## Exercise aim
Identify all lines in the data containing the string "with". Copy them out.

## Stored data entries
━━━━━━━━━━━━━━━━
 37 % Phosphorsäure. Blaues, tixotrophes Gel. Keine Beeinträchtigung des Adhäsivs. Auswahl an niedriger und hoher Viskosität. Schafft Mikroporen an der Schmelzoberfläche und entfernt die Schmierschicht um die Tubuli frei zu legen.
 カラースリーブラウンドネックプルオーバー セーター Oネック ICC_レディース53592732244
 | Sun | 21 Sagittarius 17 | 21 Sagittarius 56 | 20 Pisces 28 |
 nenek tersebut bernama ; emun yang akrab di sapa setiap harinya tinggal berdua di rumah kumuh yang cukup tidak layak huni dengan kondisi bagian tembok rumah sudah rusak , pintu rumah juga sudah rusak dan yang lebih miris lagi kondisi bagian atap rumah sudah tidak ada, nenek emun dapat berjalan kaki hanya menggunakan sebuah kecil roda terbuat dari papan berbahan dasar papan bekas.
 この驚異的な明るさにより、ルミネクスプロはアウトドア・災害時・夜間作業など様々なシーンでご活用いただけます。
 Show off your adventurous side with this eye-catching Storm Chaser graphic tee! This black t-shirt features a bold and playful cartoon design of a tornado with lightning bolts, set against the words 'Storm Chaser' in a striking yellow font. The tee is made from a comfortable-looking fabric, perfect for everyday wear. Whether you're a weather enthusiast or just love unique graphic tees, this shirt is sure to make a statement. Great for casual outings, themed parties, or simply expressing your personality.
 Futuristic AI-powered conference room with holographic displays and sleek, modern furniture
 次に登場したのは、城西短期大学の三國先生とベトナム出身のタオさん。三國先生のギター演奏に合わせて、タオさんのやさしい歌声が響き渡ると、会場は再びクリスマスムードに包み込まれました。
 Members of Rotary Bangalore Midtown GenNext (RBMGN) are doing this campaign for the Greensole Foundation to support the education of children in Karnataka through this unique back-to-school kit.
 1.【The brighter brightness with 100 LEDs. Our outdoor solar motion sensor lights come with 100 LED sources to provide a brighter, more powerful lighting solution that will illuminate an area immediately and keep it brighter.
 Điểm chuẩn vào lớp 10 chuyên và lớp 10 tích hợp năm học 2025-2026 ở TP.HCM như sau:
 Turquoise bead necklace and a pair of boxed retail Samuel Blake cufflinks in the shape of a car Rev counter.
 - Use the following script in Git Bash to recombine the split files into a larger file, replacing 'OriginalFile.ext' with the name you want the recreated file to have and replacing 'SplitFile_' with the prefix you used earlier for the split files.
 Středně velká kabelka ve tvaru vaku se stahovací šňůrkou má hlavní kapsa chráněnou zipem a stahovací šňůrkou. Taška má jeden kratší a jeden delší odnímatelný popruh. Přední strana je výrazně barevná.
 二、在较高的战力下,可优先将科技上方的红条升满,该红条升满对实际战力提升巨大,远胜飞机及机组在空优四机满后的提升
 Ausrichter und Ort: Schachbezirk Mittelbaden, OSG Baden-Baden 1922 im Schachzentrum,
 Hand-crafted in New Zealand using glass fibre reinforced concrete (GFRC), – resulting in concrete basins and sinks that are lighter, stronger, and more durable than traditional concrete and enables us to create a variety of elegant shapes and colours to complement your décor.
━━━━━━━━━━━━━━━━
## Task response
 Show off your adventurous side with this eye-catching Storm Chaser graphic tee! This black t-shirt features a bold and playful cartoon design of a tornado with lightning bolts, set against the words 'Storm Chaser' in a striking yellow font. The tee is made from a comfortable-looking fabric, perfect for everyday wear. Whether you're a weather enthusiast or just love unique graphic tees, this shirt is sure to make a statement. Great for casual outings, themed parties, or simply expressing your personality.
 Futuristic AI-powered conference room with holographic displays and sleek, modern furniture
 1.【The brighter brightness with 100 LEDs. Our outdoor solar motion sensor lights come with 100 LED sources to provide a brighter, more powerful lighting solution that will illuminate an area immediately and keep it brighter.
 - Use the following script in Git Bash to recombine the split files into a larger file, replacing 'OriginalFile.ext' with the name you want the recreated file to have and replacing 'SplitFile_' with the prefix you used earlier for the split files.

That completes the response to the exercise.